Pakistán puso en servicio el primero de los ocho submarinos de la clase Hangor durante una visita oficial a China el 30 de abril. La adquisición del submarino señala tres cambios en la disuasión en el sur de Asia: la profundización de la cooperación entre China y Pakistán, el avance de Islamabad hacia un misil de crucero nuclear lanzado desde submarinos para fortalecer su capacidad de segundo ataque, y la intensificación de la competencia entre India y Pakistán en el ámbito marítimo. Abordar estos riesgos requerirá que India y Pakistán desarrollen marcos para gestionar la escalada en el mar, un desafío que se ve dificultado por la ruptura del diálogo bilateral.

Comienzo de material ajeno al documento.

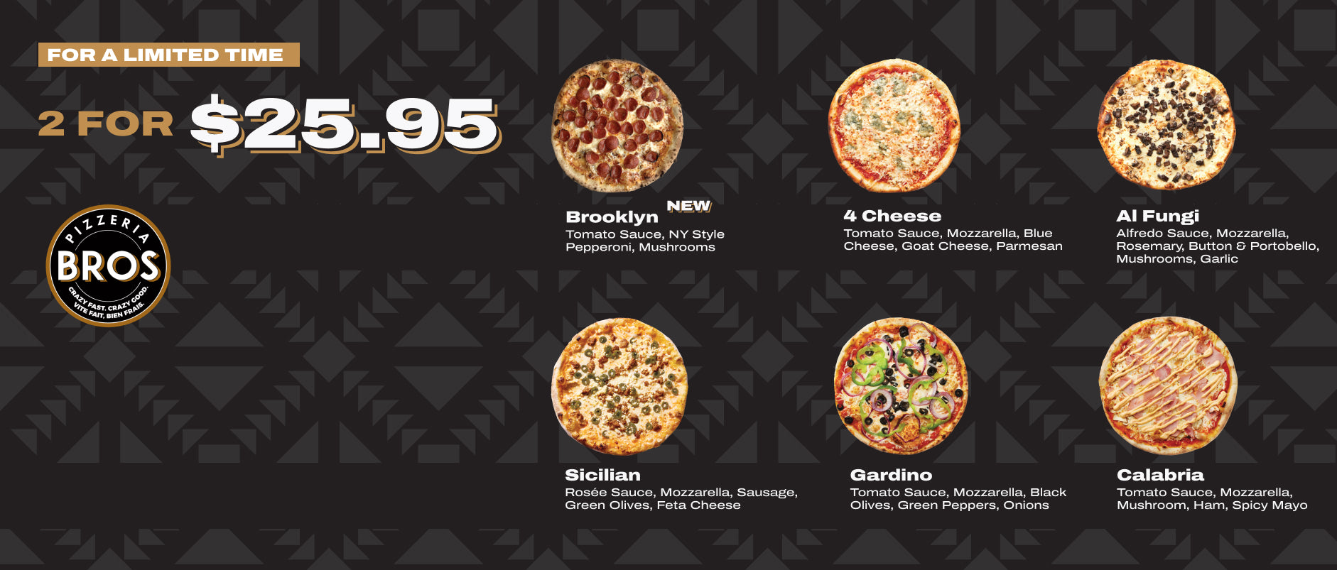 We have something on our menu for everybody! So if you’re not in the mood for pizza, try one of our fresh sandwiches or salads instead! We also have vegan / gluten sensitive options so everybody can enjoy Pizzeria Bros!

El 30 de abril, Pakistán comisionó el primero de ocho submarinos de la clase Hangor durante una visita oficial a China, una ocasión que el presidente pakistaní Asif Ali Zardari llamó un “hito histórico” para la armada. Pakistán incorporó el submarino, que es producido conjuntamente por China y Pakistán, justo antes del primer aniversario de la crisis de mayo de 2025 entre Nueva Delhi e Islamabad, una confrontación que involucró ataques con misiles recíprocos y subrayó el creciente papel de Beijing en los conflictos en el sur de Asia. Más que una mejora de capacidades, el submarino Hangor marca un paso clave en la modernización naval de Pakistán y en la expansión de la cooperación en defensa con Pekín.

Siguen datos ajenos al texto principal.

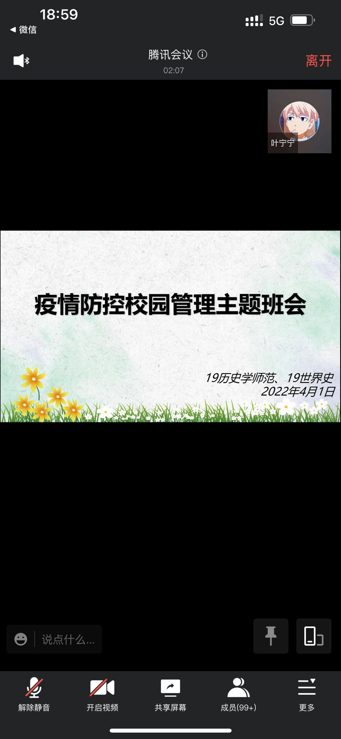 (本网讯/19历史1班刘燕杰)为了加强对同学们的管理和思想教育,使同学们能更加自律,遵守公司的规定,协调好学习与生活,辅导员朱晓华老师4月1日晚七点主持了关于“疫情防控校园管理”主题的线上班会,历史学、世界史全体同学参加。
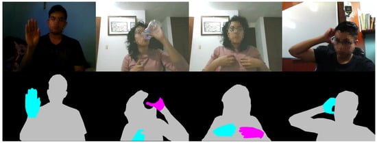 Example of the pixel-level annotations on non-gesture frames. Top row: original RGB frames. Bottom row: pixel-level annotations, gray=person, cyan=right, magenta=left hand.

La adquisición del submarino Hangor por parte de Pakistán señala tres cambios para la disuasión en el sur de Asia: la profundización de la cooperación entre China y Pakistán, el avance de Islamabad hacia un misil de crucero nuclear lanzado desde submarinos para fortalecer su capacidad de segundo ataque, y la intensificación de la competencia entre India y Pakistán en el ámbito marítimo. 

En conjunto, estos cambios podrían aumentar el riesgo de una escalada inadvertida, socavar la estabilidad de la crisis en ausencia de medidas de fomento de la confianza marítima (CBM, por sus siglas en inglés) y crear ambigüedad convencional-nuclear a medida que evolucionan los despliegues submarinos. Abordar estos riesgos requerirá que India y Pakistán desarrollen marcos para gestionar la escalada en el mar, un desafío que se ha vuelto más difícil debido a la ruptura del diálogo bilateral.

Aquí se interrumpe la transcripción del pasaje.